===== Given records

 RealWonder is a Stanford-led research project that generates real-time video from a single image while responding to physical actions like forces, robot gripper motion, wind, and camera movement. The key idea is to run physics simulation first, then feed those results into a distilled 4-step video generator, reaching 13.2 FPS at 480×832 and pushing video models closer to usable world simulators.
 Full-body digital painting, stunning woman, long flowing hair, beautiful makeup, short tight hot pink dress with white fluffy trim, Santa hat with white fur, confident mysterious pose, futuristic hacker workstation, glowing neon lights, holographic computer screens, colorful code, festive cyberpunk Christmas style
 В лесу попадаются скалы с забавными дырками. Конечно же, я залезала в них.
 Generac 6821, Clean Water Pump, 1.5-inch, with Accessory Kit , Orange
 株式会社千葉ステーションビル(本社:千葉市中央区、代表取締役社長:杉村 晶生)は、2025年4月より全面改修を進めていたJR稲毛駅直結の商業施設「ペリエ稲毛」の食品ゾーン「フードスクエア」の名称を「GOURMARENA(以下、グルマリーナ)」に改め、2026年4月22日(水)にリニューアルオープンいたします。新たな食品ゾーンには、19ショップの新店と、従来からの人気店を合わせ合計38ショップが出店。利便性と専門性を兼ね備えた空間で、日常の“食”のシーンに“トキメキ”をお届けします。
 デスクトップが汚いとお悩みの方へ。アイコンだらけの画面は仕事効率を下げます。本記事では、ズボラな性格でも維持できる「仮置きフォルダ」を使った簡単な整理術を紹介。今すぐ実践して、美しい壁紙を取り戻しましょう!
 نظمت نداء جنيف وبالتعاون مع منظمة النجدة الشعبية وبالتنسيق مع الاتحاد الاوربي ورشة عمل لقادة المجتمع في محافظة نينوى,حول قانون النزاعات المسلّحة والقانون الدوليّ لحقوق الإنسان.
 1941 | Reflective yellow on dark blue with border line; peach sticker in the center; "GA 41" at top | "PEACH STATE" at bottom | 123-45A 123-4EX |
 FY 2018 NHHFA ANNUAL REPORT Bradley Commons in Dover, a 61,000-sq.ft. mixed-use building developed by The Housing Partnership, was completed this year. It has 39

==========

Task –
The lines from the one containing "Generac 6821, Clean" through the last line of the records are to be transcribed exactly, with nothing else added.

Response to the task –
 Generac 6821, Clean Water Pump, 1.5-inch, with Accessory Kit , Orange
 株式会社千葉ステーションビル(本社:千葉市中央区、代表取締役社長:杉村 晶生)は、2025年4月より全面改修を進めていたJR稲毛駅直結の商業施設「ペリエ稲毛」の食品ゾーン「フードスクエア」の名称を「GOURMARENA(以下、グルマリーナ)」に改め、2026年4月22日(水)にリニューアルオープンいたします。新たな食品ゾーンには、19ショップの新店と、従来からの人気店を合わせ合計38ショップが出店。利便性と専門性を兼ね備えた空間で、日常の“食”のシーンに“トキメキ”をお届けします。
 デスクトップが汚いとお悩みの方へ。アイコンだらけの画面は仕事効率を下げます。本記事では、ズボラな性格でも維持できる「仮置きフォルダ」を使った簡単な整理術を紹介。今すぐ実践して、美しい壁紙を取り戻しましょう!
 نظمت نداء جنيف وبالتعاون مع منظمة النجدة الشعبية وبالتنسيق مع الاتحاد الاوربي ورشة عمل لقادة المجتمع في محافظة نينوى,حول قانون النزاعات المسلّحة والقانون الدوليّ لحقوق الإنسان.
 1941 | Reflective yellow on dark blue with border line; peach sticker in the center; "GA 41" at top | "PEACH STATE" at bottom | 123-45A 123-4EX |
 FY 2018 NHHFA ANNUAL REPORT Bradley Commons in Dover, a 61,000-sq.ft. mixed-use building developed by The Housing Partnership, was completed this year. It has 39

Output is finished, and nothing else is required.